Decluttering the Agent Inbox
Yellow.ai is an AI-first Customer Service Platform. It orchestrates over 16 billion annual conversations for 1,300+ global brands like Sony and Flipkart.
Summary
“Agents are complaining that everything seems big on their screens and it is difficult to find ticket details”
How can we organise and redesign Inbox so that customer support agents can find the information they need without feeling overwhelmed by large, cluttered screens?
Impact: 61% of users rated the experience 4★ or higher (n=167), and average ticket handling time decreased by 4%.
Before
After
Problems: Starting with tickets list
Agents kept complaining that Inbox was hard to use. In interviews, it became clear that several sections needed a rethink.
First stop: the ticket list. Most agents were on smaller Windows laptops, and each ticket row was eating up vertical space, forcing a lot of scrolling.

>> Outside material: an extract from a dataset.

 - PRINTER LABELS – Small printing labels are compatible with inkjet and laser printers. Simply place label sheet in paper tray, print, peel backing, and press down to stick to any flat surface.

I trimmed the noise, reprioritised what shows up in the list, and worked with the UI team to tighten typography and spacing. Now, more tickets fit on screen, and the list feels cleaner and easier to scan at a glance.
Before
Conversation history
The middle conversation section had limited visibility, requiring agents to scroll frequently. I updated the top navigation and streamlined chat bubbles by reducing padding and font size. These changes let agents see more messages at once, making conversations easier to scan.


Improving Ticket details
This panel appears on the right side of the conversation to get a quick summar of the customer and to fill the most important details the business needs.
Ticket fields/Custom fields: Agents must fill out required ticket fields for every ticket before they can resolve or transfer it. In our tool, this section was used about 19,000 times each day so I wanted to make sure it was not tiresome.

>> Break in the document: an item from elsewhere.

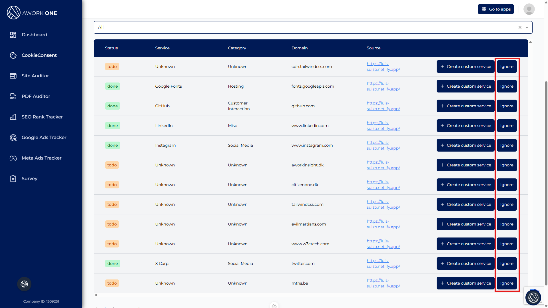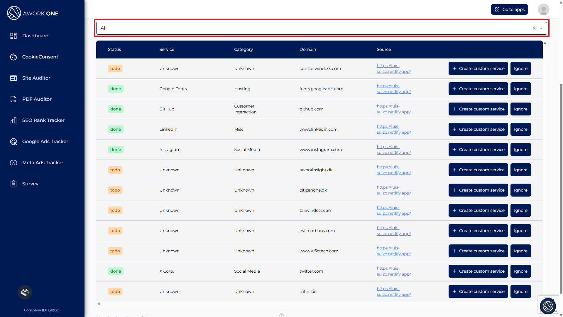 Service – Name of the detected service (e.g. Google Fonts, GitHub, Instagram).

Analysing how often ticket details are used
Layout research
The right-side details section was long with multiple accordions. Agents had to scroll up and down -> find the section -> Fill in the details. The key question was whether to keep the accordion menu (common among competitors) or switch to tabbed navigation. Since agents perform these tasks repeatedly, I researched common patterns and found that while scrolling works for exploration, tabs are more efficient for repetitive actions. This led me to choose tabbed navigation for the layout.
Key Improvements:
- Reorganised content into compact, clearly defined sections.
- Replaced accordion menus with tabbed navigation for faster, one-click access without scrolling.
Impact:
Instantly see key details and go to the desired section with one click.
Before
After
Visual considerations
We explored several layout options but chose the first variation as that would have the least need to scroll and also highlighted the customer info. Placing user and ticket info at the top, with modular sections below, makes it easy to scan and keeps interactions focused. This approach felt purposeful and adaptable across different scenarios.





Scrolling, finding vs clicking, searching
The number of required ticket details is dependent on each business. Most of them had 15/20 fields. Scrolling through accordion menus to find specific information was tedious and slowed down their workflow.
My main priorities:
- Created a focused section solely on required ticket fields, reducing clutter and distractions.
- Moved the details section above the fold so agents can access it immediately, without scrolling.
- Added a search bar, allowing agents to quickly locate and fill in the exact fields they need.
Before
After
THE AUDIT - Spotting Small Friction Points
Context Loss Costs Team 40+ Hours Monthly
Through shadowing sessions with 15 agents, I discovered agents switch conversations 30-40 times per shift, spending 10 seconds each time reorienting, remembering customer context and finding where they left off.
The scale of the problem: For a typical 20-agent team, this meant 40+ hours monthly. Across Yellow.ai's 700+ enterprise customers running thousands of support agents, the systemic productivity loss was massive.
The core problem wasn't speed or memory. The system forgot for them.
The Solution
The system had to preserve agent context:
- Auto save their last interaction (drafts, clicks)
- Restore scroll position to last message read and last ticket detail
Solution (Auto save last interaction)
60%
faster context switching
Agents lost 1 hour every day finding and filling required fields
While watching Hotjar screen records, I observed agents spend 2 to 3 minutes hunting for the required fields after "Resolve" button was blocked and agent was asked to go find the required fields themselves . I proposed to enable the "Resolve" button to allow immediate action while redirecting and surfacing specific inline errors and red-border highlights upon click.
60%
Reduction in search latency
~ 40 mins saved
Usability testing of new layout
We conducted 10 moderated sessions. This was a task-based prototype study where we asked users to handle real world tasks and observed them.
Finding 1
Fast access to Ticket details: They specifically highlighted that in this layout, all sections were visible and everything was available, indicating a preference for clear, immediate access to key information.
Finding 2
Improve searchability: All users preferred having an easy way to search.